● Records shown

+ + + + + + +

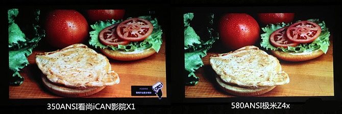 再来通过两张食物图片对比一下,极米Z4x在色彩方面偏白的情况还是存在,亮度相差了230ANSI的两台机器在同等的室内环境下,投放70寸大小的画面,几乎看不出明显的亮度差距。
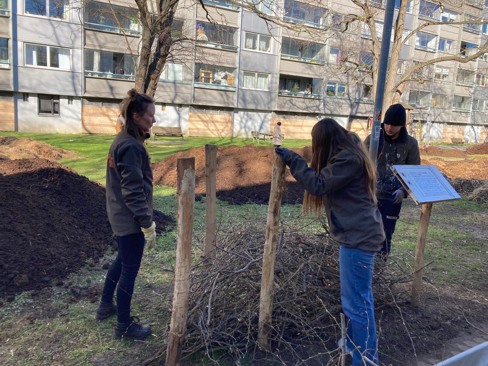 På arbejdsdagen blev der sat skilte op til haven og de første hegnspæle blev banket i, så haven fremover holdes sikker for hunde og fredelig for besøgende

+ + + + + + +

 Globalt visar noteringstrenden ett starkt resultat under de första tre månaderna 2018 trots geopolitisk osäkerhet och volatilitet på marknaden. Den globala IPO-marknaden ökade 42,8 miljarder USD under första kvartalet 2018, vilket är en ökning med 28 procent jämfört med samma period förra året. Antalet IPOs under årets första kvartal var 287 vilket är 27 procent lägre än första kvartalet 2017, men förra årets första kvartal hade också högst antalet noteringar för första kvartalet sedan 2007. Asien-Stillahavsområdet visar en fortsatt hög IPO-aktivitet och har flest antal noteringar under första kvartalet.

+ + + + + + +

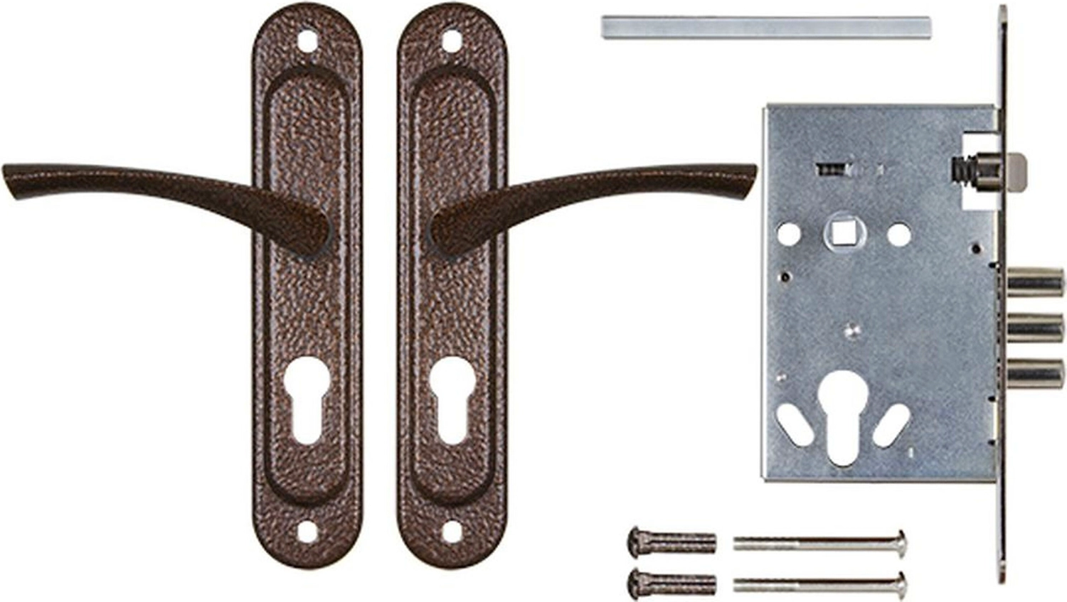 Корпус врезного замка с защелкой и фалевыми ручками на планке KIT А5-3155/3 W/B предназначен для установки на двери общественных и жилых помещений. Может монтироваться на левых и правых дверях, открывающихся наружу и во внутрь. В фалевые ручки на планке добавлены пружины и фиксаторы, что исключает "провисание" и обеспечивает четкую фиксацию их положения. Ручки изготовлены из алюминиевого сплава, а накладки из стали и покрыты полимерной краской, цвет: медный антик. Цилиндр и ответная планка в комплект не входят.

+ + + + + + +

● Exercise description
Transcribe, word for word, the lines of the listing above from the one that contains "再来通过两张食物图片对比一下" through the one that contains "På arbejdsdagen blev", keeping both ends and dropping the pictures.

● Answer space
 再来通过两张食物图片对比一下,极米Z4x在色彩方面偏白的情况还是存在,亮度相差了230ANSI的两台机器在同等的室内环境下,投放70寸大小的画面,几乎看不出明显的亮度差距。
 På arbejdsdagen blev der sat skilte op til haven og de første hegnspæle blev banket i, så haven fremover holdes sikker for hunde og fredelig for besøgende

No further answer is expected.